Task data ▸
........
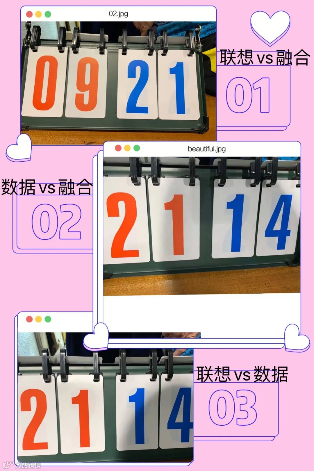 赛场上同事们出色的球艺不断得到场下观众连连叫好,比赛异常激烈,时不时听到鞋与赛场地面发出的刺耳声,融合和数据部你追我赶,最终数据事业部荣获第一届羽毛球团体赛冠军、融合事业部荣获亚军、联想事业部荣获季军。
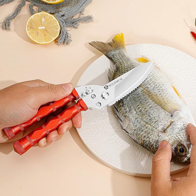 WILDMOK Heavy Duty Poultry Shears - 8.5 Inch Multi-function Stainless Steel Poultry Outdoor Shears, Ultra Sharp Kitchen Scissors for Outdoor Camp, Red
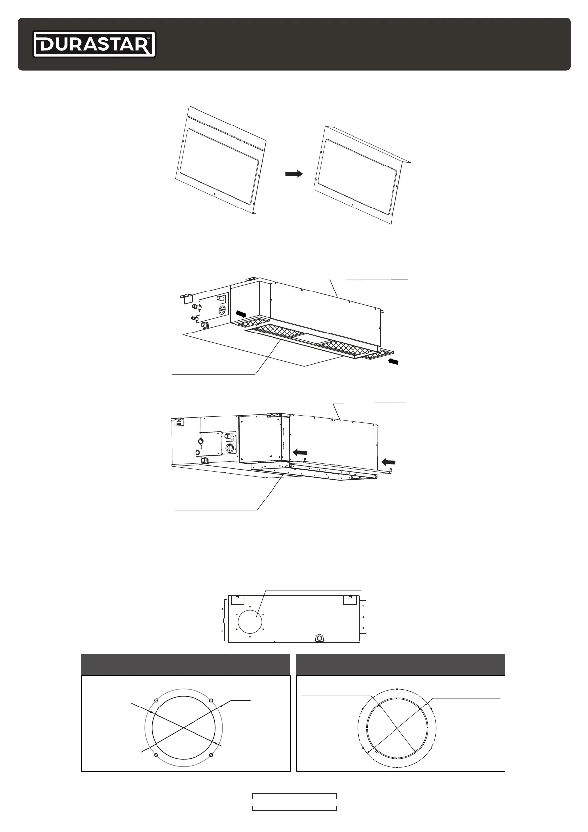 This unit allows for a fresh air duct to be installed. Duct location and dimensions are shown below.
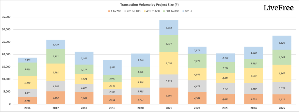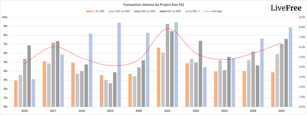 When we examine transaction volumes over the past 10 years, all project sizes appear to move broadly in line with overall market activity.
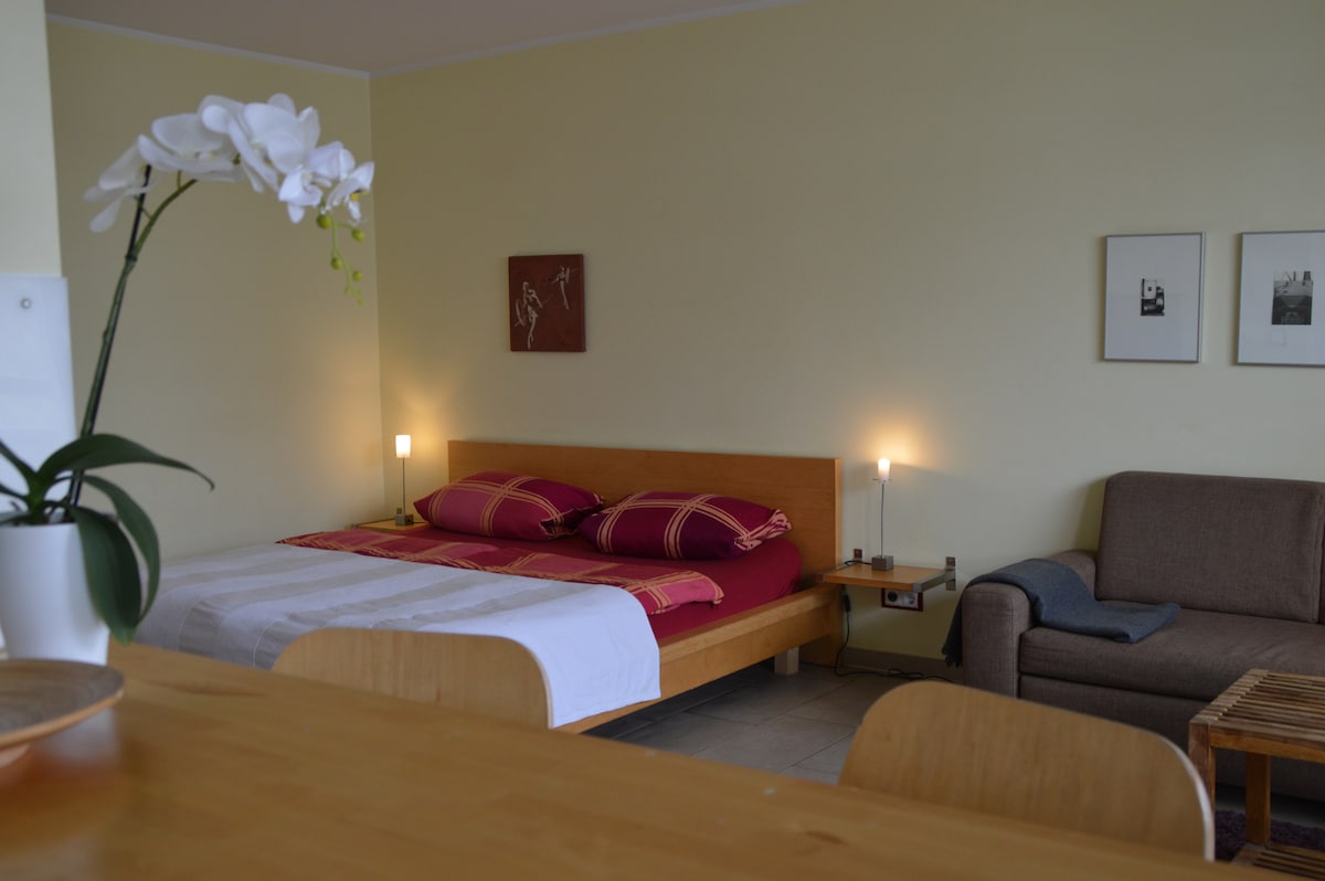 Apartamento cálido y tranquilo de 40 metros cuadrados con entrada privada en una casa adosada de estilo Bauhaus. 🌡️ La calefacción por suelo radiante llena el espacio de una suave calidez. La suave luz del día de la ventana corrediza de 4 m establece un ambiente tranquilo. Sal a la acogedora terraza para tu primer café de la mañana, sintiendo el aire fresco y el tranquilo jardín a tu alrededor. Perfecto para mañanas lentas y noches acogedoras. ⚡ Wifi muy rápido · 👥 2 huéspedes · 🍳 Cocina totalmente equipada · 🧺 Lavadora
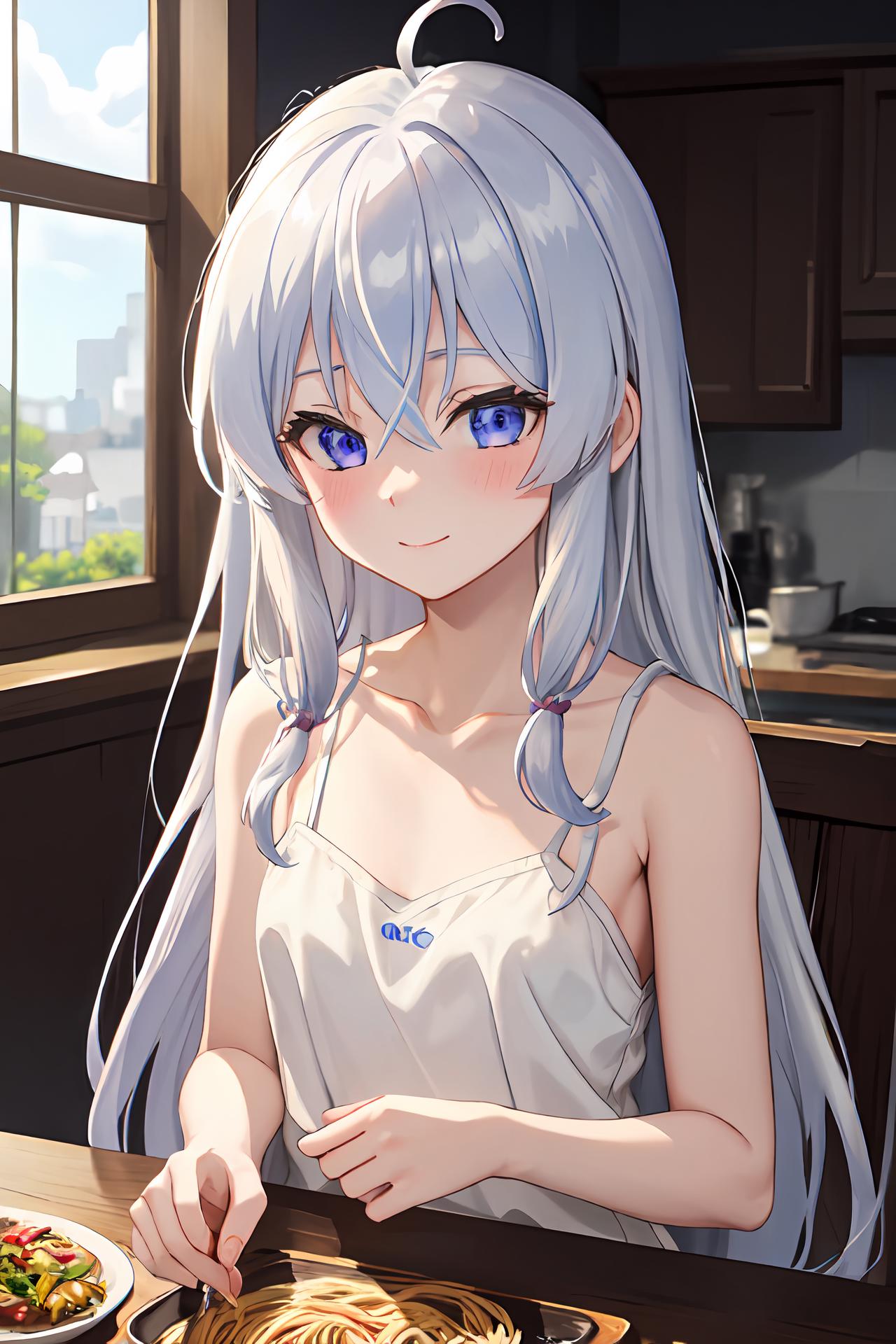 睡衣(长发): ph elaina, Eoutfit6, elaina (majo no tabitabi), solo, long hair, ahoge, hair between eyes, collarbone, blue eyes, bangs, white hair, sleeveless, bare shoulders, shiny hair, camisole, spaghetti strap, white shirt, sleeveless shirt, blush, very long hair, sidelocks, sleeveless dress
........
Your task ▸
Repeat the material exactly as it reads, without any of its pictures.

Result for this task ▸
 赛场上同事们出色的球艺不断得到场下观众连连叫好,比赛异常激烈,时不时听到鞋与赛场地面发出的刺耳声,融合和数据部你追我赶,最终数据事业部荣获第一届羽毛球团体赛冠军、融合事业部荣获亚军、联想事业部荣获季军。
 WILDMOK Heavy Duty Poultry Shears - 8.5 Inch Multi-function Stainless Steel Poultry Outdoor Shears, Ultra Sharp Kitchen Scissors for Outdoor Camp, Red
 This unit allows for a fresh air duct to be installed. Duct location and dimensions are shown below.
 When we examine transaction volumes over the past 10 years, all project sizes appear to move broadly in line with overall market activity.
 Apartamento cálido y tranquilo de 40 metros cuadrados con entrada privada en una casa adosada de estilo Bauhaus. 🌡️ La calefacción por suelo radiante llena el espacio de una suave calidez. La suave luz del día de la ventana corrediza de 4 m establece un ambiente tranquilo. Sal a la acogedora terraza para tu primer café de la mañana, sintiendo el aire fresco y el tranquilo jardín a tu alrededor. Perfecto para mañanas lentas y noches acogedoras. ⚡ Wifi muy rápido · 👥 2 huéspedes · 🍳 Cocina totalmente equipada · 🧺 Lavadora
 睡衣(长发): ph elaina, Eoutfit6, elaina (majo no tabitabi), solo, long hair, ahoge, hair between eyes, collarbone, blue eyes, bangs, white hair, sleeveless, bare shoulders, shiny hair, camisole, spaghetti strap, white shirt, sleeveless shirt, blush, very long hair, sidelocks, sleeveless dress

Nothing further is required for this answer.